After a few hours of digging I found out that rasher sambos do travel well, even when the drybag’s been abused for the whole trip. With energy on board we returned to the face, and dug until about 17:35. We repacked the gear and set off on the return leg. With everyone in get out mode by this stage, we had a few brief water stops on the way up with Paul now sentenced to drinking from the “peanut free” bottle.
Got to the surface at about 20:30, and thanks to Aileen & Les rather than driving back to Dublin with what little energy I had left, I had a decent nights sleep (with sore knees).
Weekend 2 – 27/09/2025
Team: Eoghan Mullan, Steve MacNamara, Jock Reid, Oisín Keating Mac Dermott, Aidan Geraghty, Jamie Clarke
Objective: Dig in the same place, bolt and re-rig the climb with the boulder of death, plug and feather the lead past the Orange Hall
Duration: 10 hours approx.
Having stayed in the Scout Hut the night before with Aidan & Jamie the morning was considerably more relaxing. We fried up a few bits before heading to Shannon, with a few last-minute purchases on the way. Paul had successfully roped the three of us in to give a hand with digging, and being a group of six we had enough energy to get a few different things done.
Two weekends, two new tools – we were shown the aerodynamic, lightweight, ultra-efficient digging tool before packing the bags, this time including two drills and several batteries.
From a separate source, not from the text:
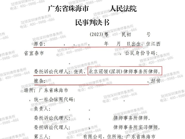 2025年1月,深圳的伟业公司因昌盛公司长期拖欠材料款,求助到北京冠领(深圳)律师事务所。2025年9月,经过冠领律师的专业代理,法院判决昌盛公司限期向伟业公司支付材料款24万余元及逾期付款违约金1万余元,昌盛公司的一人股东赵先生对此承担连带责任。

We brought plenty of snacks and were expecting a long day, and rotated bag-carrying duties on the way down. We headed underground around 11.30, slightly slower pace than the week before as we showed our age and inexperience. The lads gave us a masterclass in how to not get wet at Swingers’, Jock getting a full douze points.
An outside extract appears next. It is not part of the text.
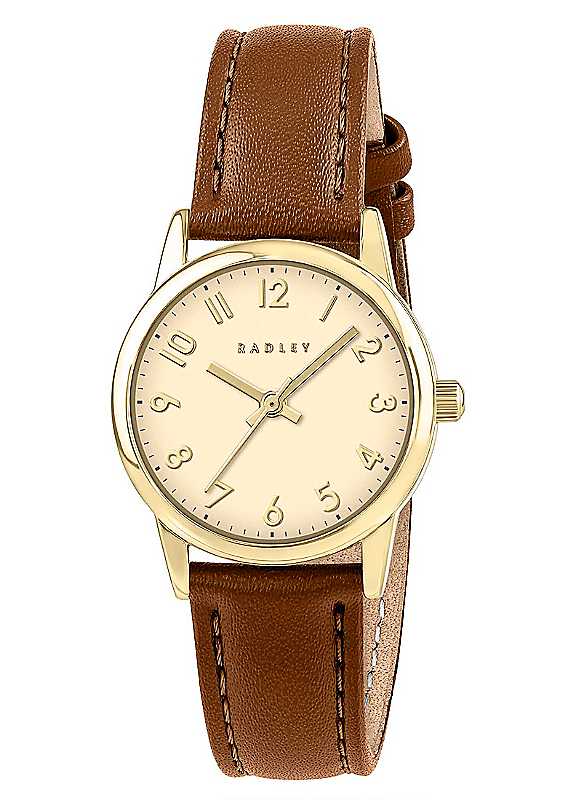 Radley Gold Plated Leather Strap Watch. This elegant watch features a polished pale gold round case, creating a warm and timeless look. The dial is finished in pale champagne satin and features full gold-tone numeral hour markers for clear, classic styling. Paired with a rich cognac leather strap, this design blends traditional charm with everyday elegance. Secured with a classic buckle fastening. Presented in a beautiful Radley London giftbox, with 2 year guarantee.Pale gold plated caseCognac leather strapPale champagne satin dialGold Plated

When we reached the Orange Hall we split into two groups – Eoghan, Jock, Jamie and Aidan headed straight for the dig face while Steve and myself went to the lead around the corner (or rather down two very tight squeezes and diagonally up to an awkward looking boulder facing us). Steve broke out the drill and we made the most of two batteries, plug-and-feathering our way to success – or rather a slightly-less-narrow version of the still impassable squeeze that remained. After an hour and a half or so, with two now drained batteries, we headed towards the dig. Once we reached the climb what lay before us was a sight for sore eyes: a newly rigged handline alongside the old one, freshly bolted, boulder of death now irrelevant for the most part. After a much faster climb we crawled out way around the sand pit and up to the dig site, where Aidan had crafted some beautiful statuettes of all the team out of mud – it’s worth the journey just for this, but if you’re down there bring a shovel.
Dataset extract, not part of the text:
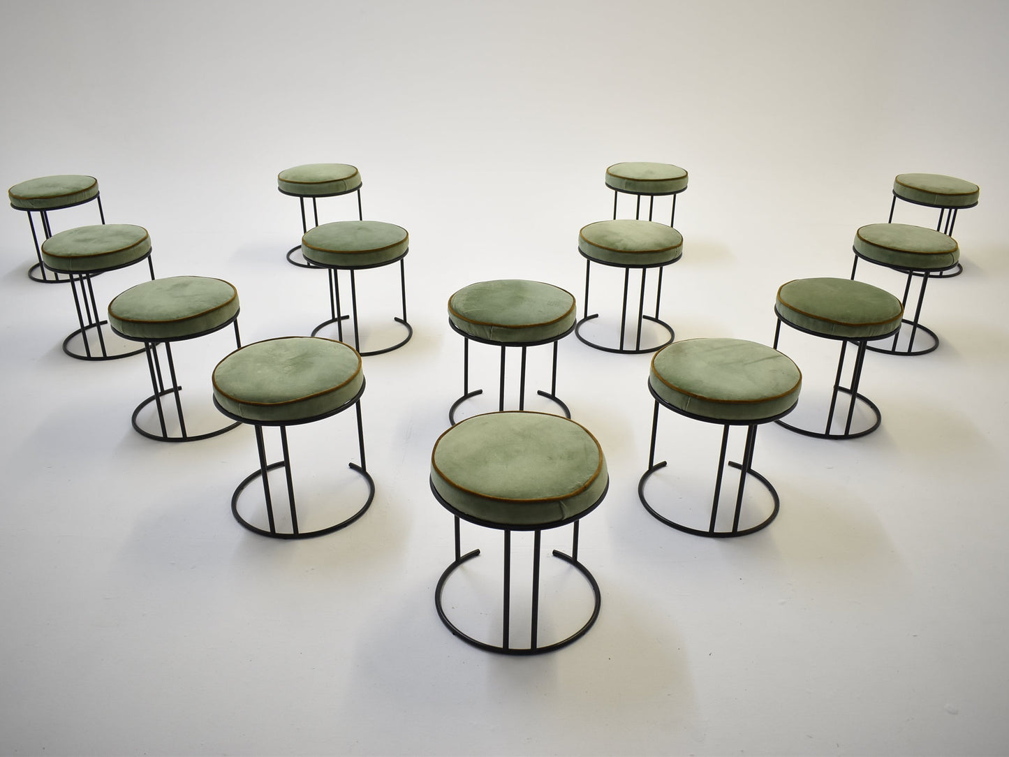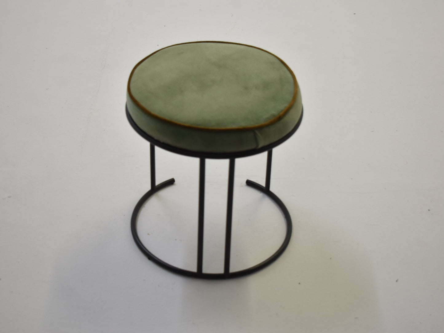 Taburete contemporáneo de acero con tapizado de terciopelo verde oscuro y ribetes en color caramelo claro

We dug for a couple of hours before finally calling it a day. Efficiency at it’s best; we rotated the digging every ten minutes and packed mud as we went. We carried on with this process, the roof clearance slightly narrowing as we dug, and veering to the right hand side as you face the tunnel. The new tool proved itself to work just as well as the old one.
Got back to the surface at around 23:30, this time drove back to Dublin as I’d passengers to keep me awake.